## TASK GOAL:
Here the job is to repeat the listing exactly, but not the pictures in it.

## EXERCISE MATERIALS:

Start of Block

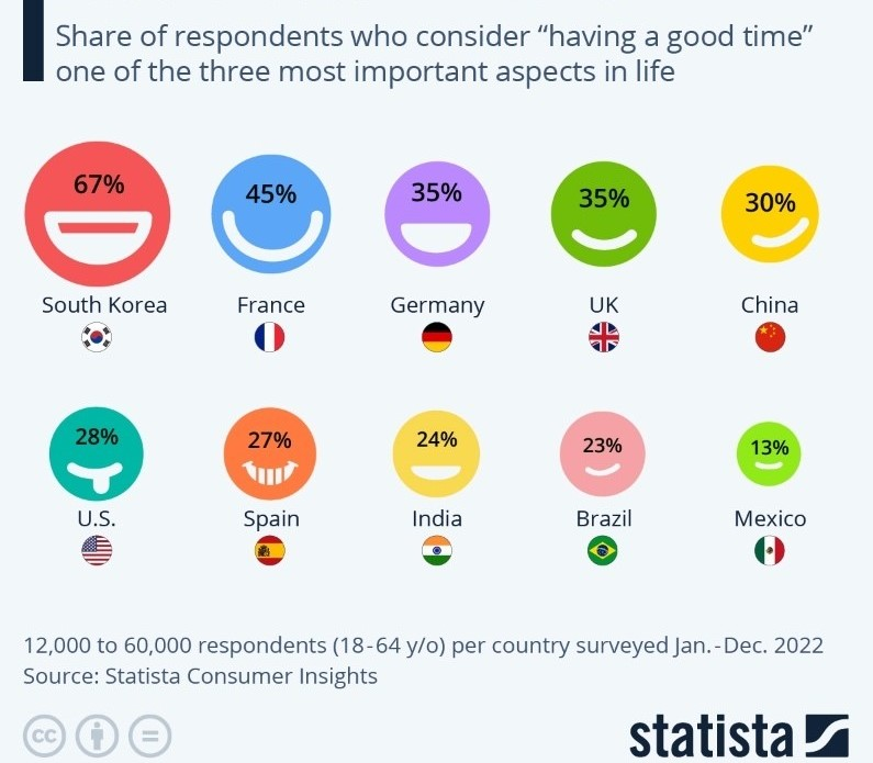 De acordo com a pesquisa realizada em 2022, os sul-coreanos estão particularmente interessados em “passar um bom bocado”, com 67% dos entrevistados a considerarem a diversão um dos três aspetos mais importantes da vida. Os resultados variam muito entre os países, indo de 13% no México a 28% nos EUA, passando por 45% em França.
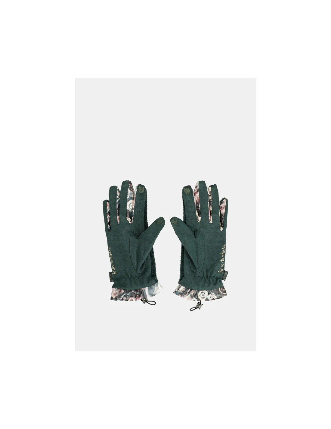 Ideales guantes muy calentitos gracias al tejido de pelito en que esta diseñada en la parte superior y la parte inferior lisa muy suave tipo antelina . En color verde y Y detalles de estampado propios de la colección REAL de ANEKKE.
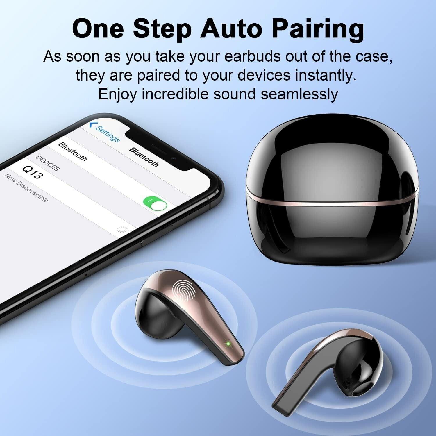 • Immersiver Sound und automatisches Pairing: Der Bluetooth-Kopfhörer verfügt über ein einzigartiges Stereodesign, einen dynamischen 13-mm-Graphen-Audiotreiber und AAC/SBC-Audiocodierungstechnologie, er erfasst jedes Detail der Musik und 43 % Bassverstärkung. Der kabellose Bluetooth-Kopfhörer kann sich automatisch einschalten und mit dem zuletzt gekoppelten Gerät verbinden (1S), wenn Sie die Ladebox öffnen, wodurch langwierige Vorgänge vermieden und Wartezeiten gespart werden.
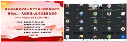 集体备课促交流,提升思政课教师素质。为贯彻落实教育部等十部门印发的《全面推进“大思政课”建设的工作方案》,落实省委教育工委、省教育厅关于高校思政课问题式专题化团队教学改革的工作部署,我校与景德镇陶瓷大学、九江学院联合主办全省高校《原理》课(专题三)问题式专题化团队教学改革暨党的二十大精神融入思政课集体备课会。上海师范大学马克思主义学院院长张志丹出席线上会议并点评,全国高校思想政治理论课教学展示活动特等奖获得者、广西师范大学马克思主义学院副教授梁红秀以“事物的普遍联系”为题作教学示范,我校马克思主义学院教授程东旺就专题三“为什么要用联系和发展的观点看世界”作专题示范备课。
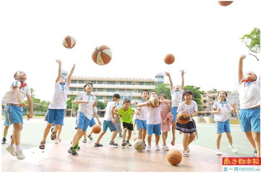 中堂镇第四小学操场上,学生们正在练习手抛篮球回接。抛得越高,越能吸引同学的关注和喝彩。中堂历来是东莞篮球强镇,从校园到民间,篮球基础扎实,气氛浓厚。 南都记者 刘媚 摄
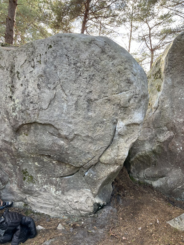 Above and to the left of Mon Cochon. To the left of Gummy Bear and 10m behind Emerald Sword. Sitstart, climb the prow with the arete right hand and crimps left hand and mantle up on slopers.

End of Block

## TASK RESULT:
 De acordo com a pesquisa realizada em 2022, os sul-coreanos estão particularmente interessados em “passar um bom bocado”, com 67% dos entrevistados a considerarem a diversão um dos três aspetos mais importantes da vida. Os resultados variam muito entre os países, indo de 13% no México a 28% nos EUA, passando por 45% em França.
 Ideales guantes muy calentitos gracias al tejido de pelito en que esta diseñada en la parte superior y la parte inferior lisa muy suave tipo antelina . En color verde y Y detalles de estampado propios de la colección REAL de ANEKKE.
 • Immersiver Sound und automatisches Pairing: Der Bluetooth-Kopfhörer verfügt über ein einzigartiges Stereodesign, einen dynamischen 13-mm-Graphen-Audiotreiber und AAC/SBC-Audiocodierungstechnologie, er erfasst jedes Detail der Musik und 43 % Bassverstärkung. Der kabellose Bluetooth-Kopfhörer kann sich automatisch einschalten und mit dem zuletzt gekoppelten Gerät verbinden (1S), wenn Sie die Ladebox öffnen, wodurch langwierige Vorgänge vermieden und Wartezeiten gespart werden.
 集体备课促交流,提升思政课教师素质。为贯彻落实教育部等十部门印发的《全面推进“大思政课”建设的工作方案》,落实省委教育工委、省教育厅关于高校思政课问题式专题化团队教学改革的工作部署,我校与景德镇陶瓷大学、九江学院联合主办全省高校《原理》课(专题三)问题式专题化团队教学改革暨党的二十大精神融入思政课集体备课会。上海师范大学马克思主义学院院长张志丹出席线上会议并点评,全国高校思想政治理论课教学展示活动特等奖获得者、广西师范大学马克思主义学院副教授梁红秀以“事物的普遍联系”为题作教学示范,我校马克思主义学院教授程东旺就专题三“为什么要用联系和发展的观点看世界”作专题示范备课。
 中堂镇第四小学操场上,学生们正在练习手抛篮球回接。抛得越高,越能吸引同学的关注和喝彩。中堂历来是东莞篮球强镇,从校园到民间,篮球基础扎实,气氛浓厚。 南都记者 刘媚 摄
 Above and to the left of Mon Cochon. To the left of Gummy Bear and 10m behind Emerald Sword. Sitstart, climb the prow with the arete right hand and crimps left hand and mantle up on slopers.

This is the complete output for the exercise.